2020-09-04 09:09:25.204755: I tensorflow/stream_executor/platform/default/dso_loader.cc:48] Successfully opened dynamic library libcudart.so.10.1
Traceback (most recent call last):
File "train_conv2d_zdist_sherpa_parallel.py", line 33, in <module>
trial = client.get_trial()
File "/glade/u/home/ggantos/miniconda3/envs/sherpa/lib/python3.6/site-packages/sherpa/database.py", line 222, in get_trial
t = next(g)
File "/glade/u/home/ggantos/miniconda3/envs/sherpa/lib/python3.6/site-packages/sherpa/database.py", line 221, in <genexpr>
g = (entry for entry in self.db.trials.find({'trial_id': trial_id}))
File "/glade/u/home/ggantos/miniconda3/envs/sherpa/lib/python3.6/site-packages/pymongo/cursor.py", line 1207, in next
if len(self.__data) or self._refresh():
File "/glade/u/home/ggantos/miniconda3/envs/sherpa/lib/python3.6/site-packages/pymongo/cursor.py", line 1100, in _refresh
self.__session = self.__collection.database.client._ensure_session()
File "/glade/u/home/ggantos/miniconda3/envs/sherpa/lib/python3.6/site-packages/pymongo/mongo_client.py", line 1816, in _ensure_session
return self.__start_session(True, causal_consistency=False)
File "/glade/u/home/ggantos/miniconda3/envs/sherpa/lib/python3.6/site-packages/pymongo/mongo_client.py", line 1766, in __start_session
server_session = self._get_server_session()
File "/glade/u/home/ggantos/miniconda3/envs/sherpa/lib/python3.6/site-packages/pymongo/mongo_client.py", line 1802, in _get_server_session
return self._topology.get_server_session()
File "/glade/u/home/ggantos/miniconda3/envs/sherpa/lib/python3.6/site-packages/pymongo/topology.py", line 488, in get_server_session
None)
File "/glade/u/home/ggantos/miniconda3/envs/sherpa/lib/python3.6/site-packages/pymongo/topology.py", line 217, in _select_servers_loop
(self._error_message(selector), timeout, self.description))
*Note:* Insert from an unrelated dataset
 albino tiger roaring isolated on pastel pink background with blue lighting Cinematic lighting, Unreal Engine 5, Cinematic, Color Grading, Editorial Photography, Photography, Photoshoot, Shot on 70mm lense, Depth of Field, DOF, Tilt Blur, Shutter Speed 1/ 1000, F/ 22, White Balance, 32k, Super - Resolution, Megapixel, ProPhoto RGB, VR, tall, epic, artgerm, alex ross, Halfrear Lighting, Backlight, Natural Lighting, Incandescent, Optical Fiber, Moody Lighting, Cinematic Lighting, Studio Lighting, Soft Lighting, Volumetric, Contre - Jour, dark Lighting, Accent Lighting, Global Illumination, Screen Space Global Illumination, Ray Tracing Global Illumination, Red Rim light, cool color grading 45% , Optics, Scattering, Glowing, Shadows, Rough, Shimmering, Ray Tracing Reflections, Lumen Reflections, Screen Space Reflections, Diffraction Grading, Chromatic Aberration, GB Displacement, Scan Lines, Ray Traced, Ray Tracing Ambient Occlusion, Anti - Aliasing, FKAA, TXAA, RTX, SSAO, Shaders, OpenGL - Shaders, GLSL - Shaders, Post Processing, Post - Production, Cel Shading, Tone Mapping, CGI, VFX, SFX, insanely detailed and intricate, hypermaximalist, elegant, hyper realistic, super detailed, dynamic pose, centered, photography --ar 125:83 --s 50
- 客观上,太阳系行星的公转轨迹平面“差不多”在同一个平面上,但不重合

pymongo.errors.ServerSelectionTimeoutError: casper24:27001: [Errno 111] Connection refused, Timeout: 30s, Topology Description: <TopologyDescription id: 5f5258b31496961c60064812, topology_type: Single, servers: [<ServerDescription ('casper24', 27001) server_type: Unknown, rtt: None, error=AutoReconnect('casper24:27001: [Errno 111] Connection refused',)>]>
bluevex commented
I got this error when something was using the port. Usually it's the previous instance of the sherpa mongodb database. I had to write a script to manually delete the 'sherpa' database from the previous run, and kill instances of mongo.